PLACED WITHOUT LEGITIMATE CAUSE
We tossed sheets over our heads to be seen. Ghosts.
The only vacancy we knew. We were columns
of calcium deposits rising from a floor of unknowing.
Stalagmites. Growing toward our mirrored ceiling
counterpart—easy to think ourselves them. Stalactites.
Every moist hole keeps what is nameless.
Caves. Hold the history of water. Know the way
hollow openings lead to a surface, the way a girl’s
knees know clutching tree bark will keep
her from falling. Go ahead, say what you are:
Tomboy. Skipping stone. Christmas letter. Circle we draw
around ourselves. Gay says nothing of chopsticks.
We crack open fortune cookies, pluck a white
paper promise: Fear plus coincidence equals paranoia.

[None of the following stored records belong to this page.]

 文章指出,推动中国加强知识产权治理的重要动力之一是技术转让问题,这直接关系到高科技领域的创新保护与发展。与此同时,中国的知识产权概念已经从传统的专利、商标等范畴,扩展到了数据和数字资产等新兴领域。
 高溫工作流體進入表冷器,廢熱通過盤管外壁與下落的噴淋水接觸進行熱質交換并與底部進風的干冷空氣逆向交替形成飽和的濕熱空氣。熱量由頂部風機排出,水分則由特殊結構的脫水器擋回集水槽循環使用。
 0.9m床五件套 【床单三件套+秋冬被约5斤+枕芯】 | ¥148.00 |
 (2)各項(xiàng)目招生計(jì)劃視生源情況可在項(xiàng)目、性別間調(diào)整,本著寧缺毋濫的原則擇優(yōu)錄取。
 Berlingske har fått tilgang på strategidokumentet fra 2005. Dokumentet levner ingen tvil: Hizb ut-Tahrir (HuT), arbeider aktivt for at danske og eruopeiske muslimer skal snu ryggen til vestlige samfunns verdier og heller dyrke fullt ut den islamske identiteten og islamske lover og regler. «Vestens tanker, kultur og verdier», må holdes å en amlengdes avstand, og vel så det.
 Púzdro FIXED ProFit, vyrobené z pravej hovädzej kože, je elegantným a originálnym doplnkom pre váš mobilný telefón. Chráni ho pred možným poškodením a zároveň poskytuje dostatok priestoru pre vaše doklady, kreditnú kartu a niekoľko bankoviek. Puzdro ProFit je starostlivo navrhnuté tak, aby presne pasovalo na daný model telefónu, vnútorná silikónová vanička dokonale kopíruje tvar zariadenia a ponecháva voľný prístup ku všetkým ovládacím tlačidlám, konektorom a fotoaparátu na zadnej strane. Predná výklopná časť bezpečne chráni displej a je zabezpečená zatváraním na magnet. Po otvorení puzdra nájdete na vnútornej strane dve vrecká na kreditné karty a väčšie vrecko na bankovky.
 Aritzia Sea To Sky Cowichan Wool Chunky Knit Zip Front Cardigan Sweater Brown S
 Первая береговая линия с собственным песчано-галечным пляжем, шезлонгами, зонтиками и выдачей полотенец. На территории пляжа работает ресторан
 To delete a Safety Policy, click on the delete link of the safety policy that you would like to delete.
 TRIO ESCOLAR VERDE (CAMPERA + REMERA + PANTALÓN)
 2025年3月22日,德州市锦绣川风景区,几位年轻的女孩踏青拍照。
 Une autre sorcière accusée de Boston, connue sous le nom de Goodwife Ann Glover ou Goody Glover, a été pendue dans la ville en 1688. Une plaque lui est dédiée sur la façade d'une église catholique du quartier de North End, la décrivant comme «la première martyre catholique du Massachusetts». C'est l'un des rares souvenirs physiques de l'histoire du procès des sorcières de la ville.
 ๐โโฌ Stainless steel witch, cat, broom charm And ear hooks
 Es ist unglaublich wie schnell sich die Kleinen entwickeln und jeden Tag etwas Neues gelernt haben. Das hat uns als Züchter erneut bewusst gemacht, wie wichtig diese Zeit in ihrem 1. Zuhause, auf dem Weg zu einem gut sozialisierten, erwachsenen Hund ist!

SUNDAY’S CONVERSATION WITH MY FRIEND TOM
As certain as he feels the grain of his unfinished hardwoods beneath his feet,
he knows death
brings burial, burial
brings decomposition.
I tell him I recently heard the Rimpoche say, Anesthesia is not freedom.
He tells me he quit his Buddhist group
because, They believe
in reincarnation.
It’s something he cannot swallow,
somewhere he cannot hide,
someplace he will not go.
He says he cannot, accept chanting.
Some people have magical thinking, they believe if they do it,
something will change.
I say,
It could.
He says,
Anesthesia is not freedom.
So why do you think marijuana should be legalized? I ask.
After all, if you call faith in everlasting life a lie to subdue death anxiety,
why should pot be allowed to subdue life anxiety?
He says,
Anesthesia is not freedom.
But it helps.
MORNING STRANGERS
My dog’s so distracted by hunting out cat paws in the snow he can’t
poop. His nose leads, I lean my shoulders and back, back. We make
our way like this. The street lamps’ dull light stripes our way past
the dark bank building with one office light on which means she’s
there. The lone woman, whose profile I’ve come to know, her face
pressed into her computer screen, the same way I lean forward
toward the windshield driving on a snowy night. Or how I force my
camera out the car window to capture swaying dune grasses in
summer. The vastness of all those hills and sand. I wonder what it is
that the bank lady is trying to get so close to. Or the guy who hustles
down the middle of the road in the dark, his body slant into a grocery
cart full of plastic bags piled higher than his head. Rolling metal
wheels and all those tin cans clanking. He is rattling too. Which
makes me think of ecstatic chanting or a bonfire or trying to swallow
the tequila worm.
BIO: Cindy Ostuni is a Clinical Social Worker and writer living in Syracuse, NY. She is a current student of the Syracuse Downtown Writer’s Center Pro Program for poetry. Her work has been published in The Stone Canoe, the Reader’s Write section of The Sun Magazine, and is forthcoming in The Pinch Journal.